# Infp + entp?



## CIGgyStar (Sep 30, 2012)

just want to know if this is a good coupling, not necessarily for dating but just in general do ENTP and INFP get along?? i have an INFP friend and i am crazy about him we seem to agree on everything and we're both very cheerful people.. but i thought INFP's were supposed to be a bit more melancholic..?


----------



## aconite (Mar 26, 2012)

Are you talking about MBTI or Socionics? It's the Socionics subforum, but you're using MBTI notation.

If it's about socionics - illusionary relatons

Nevertheless, I suppose that getting along depends more on individual traits than people's types


----------



## Le Beau Coeur (Jan 30, 2011)

It sounds like it would be a good match but then again, as I always say, it's really about the individuals.


----------



## cyamitide (Jul 8, 2010)

CIGgyStar said:


> just want to know if this is a good coupling, not necessarily for dating but just in general do ENTP and INFP get along?? i have an INFP friend and i am crazy about him we seem to agree on everything and we're both very cheerful people.. but i thought INFP's were supposed to be a bit more melancholic..?


Socionics doesn't apply J/P letters the same way as does MBTI.

Socionics INFp is Ni leading and Fe creative which in MBTI terms is the INFJ type. INFps and ENTps are in relations of mirage.

MBTI INFP is Fi leading and Ne auxiliary which in Socionics would be closest to INFj. INFjs and ENTps are in relations of supervision where INFj supervises the ENTp.


----------



## Entropic (Jun 15, 2012)

I've started to suspect that enneagram plays a very large role with which people we get along with regardless of their functions.


----------



## CIGgyStar (Sep 30, 2012)

aconite said:


> Are you talking about MBTI or Socionics? It's the Socionics subforum, but you're using MBTI notation.
> 
> If it's about socionics - illusionary relatons
> 
> Nevertheless, I suppose that getting along depends more on individual traits than people's types


i guess i don't understand the difference, i was talking about MBTI..?


----------



## Entropic (Jun 15, 2012)

CIGgyStar said:


> i guess i don't understand the difference, i was talking about MBTI..?


In socionics INFP is INFj, because in socionics the J/P letter is defined by the dominant leading function. This means that all dominant introverted judgers in the MBTI system will be judgers in socionics and all dominant perceivers will be Ps. An MBTI INTJ is thus INTp in socionics. The MBTI system classifies according to the extraverted function, meaning that since all MBTI judgers (INTJ, ENFJ, ISTJ and so forth) all have an extraverted judgement function (Te or Fe), they are judgers in the MBTI system and all Pe users such as ESTP, INTP and ENFP are perceivers because their extraverted function is either Ne or Se.

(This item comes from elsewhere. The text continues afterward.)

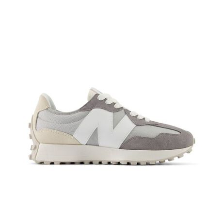 [型番:0286U327FFD01]70年代を席巻した数々のニューバランスのレーシングシューズをアレンジしたレトロなフォルムに、ビッグNロゴを外側だけに配した印象的なルックスで提案する人気モデル「327」のユニセックスライン「U327」から新色が登場。ヘアリースエードとナイロンのコンビネーションアッパーを、ベーシックなカラーで彩った一足。淡いベージュの踵がアクセント。メーカー品番:U327FFD

Personally, I also think the MBTI system makes more sense because I like how it groups types together better showing the similarity between ENTP and INTP for example. This does not exist in socionics where ENTP is still ENTp (Ne + Ti) but INTP is INTj (Ti + Ne).


----------



## cyamitide (Jul 8, 2010)

CIGgyStar said:


> i guess i don't understand the difference, i was talking about MBTI..?


This is a socionics forum. Socionics type notation is somewhat different from MBTI, so there was confusion which one you're talking about.

In Socionics type 4-letter codes are written with one lower-case letter, like this ENTp or INFj, to distinguish them from MBTI types which are written all upper-case ENTP, INFP.


----------



## CIGgyStar (Sep 30, 2012)

cyamitide said:


> This is a socionics forum. Socionics type notation is somewhat different from MBTI, so there was confusion which one you're talking about.
> 
> In Socionics type 4-letter codes are written with one lower-case letter, like this ENTp or INFj, to distinguish them from MBTI types which are written all upper-case ENTP, INFP.


ok but what is the difference??


----------



## CIGgyStar (Sep 30, 2012)

LeaT said:


> In socionics INFP is INFj, because in socionics the J/P letter is defined by the dominant leading function. This means that all dominant introverted judgers in the MBTI system will be judgers in socionics and all dominant perceivers will be Ps. An MBTI INTJ is thus INTp in socionics. The MBTI system classifies according to the extraverted function, meaning that since all MBTI judgers (INTJ, ENFJ, ISTJ and so forth) all have an extraverted judgement function (Te or Fe), they are judgers in the MBTI system and all Pe users such as ESTP, INTP and ENFP are perceivers because their extraverted function is either Ne or Se.
> 
> Personally, I also think the MBTI system makes more sense because I like how it groups types together better showing the similarity between ENTP and INTP for example. This does not exist in socionics where ENTP is still ENTp (Ne + Ti) but INTP is INTj (Ti + Ne).


omg i don't get it at all DX my bad i guess i'm on the wrong forum lol


----------



## Entropic (Jun 15, 2012)

CIGgyStar said:


> ok but what is the difference??


ENTP = ENTp
INTP = INTj

As I wrote, in socionics the J/P letter code is determined by which function is your dominant function. If you are a dominant judging time you are a J and if a dominant perceiving type you are a P. INTPs are dominant judging types (Ti dominants) so in socionics they are INTjs and INTJs who are dominant perceiving types (Ni dominants) are INTps.


----------



## renna (Jan 28, 2011)

Here is my opinion ;-)

Regardless of MBTI or Socionics, let's just take the cognitive functions and break them down, shall we? 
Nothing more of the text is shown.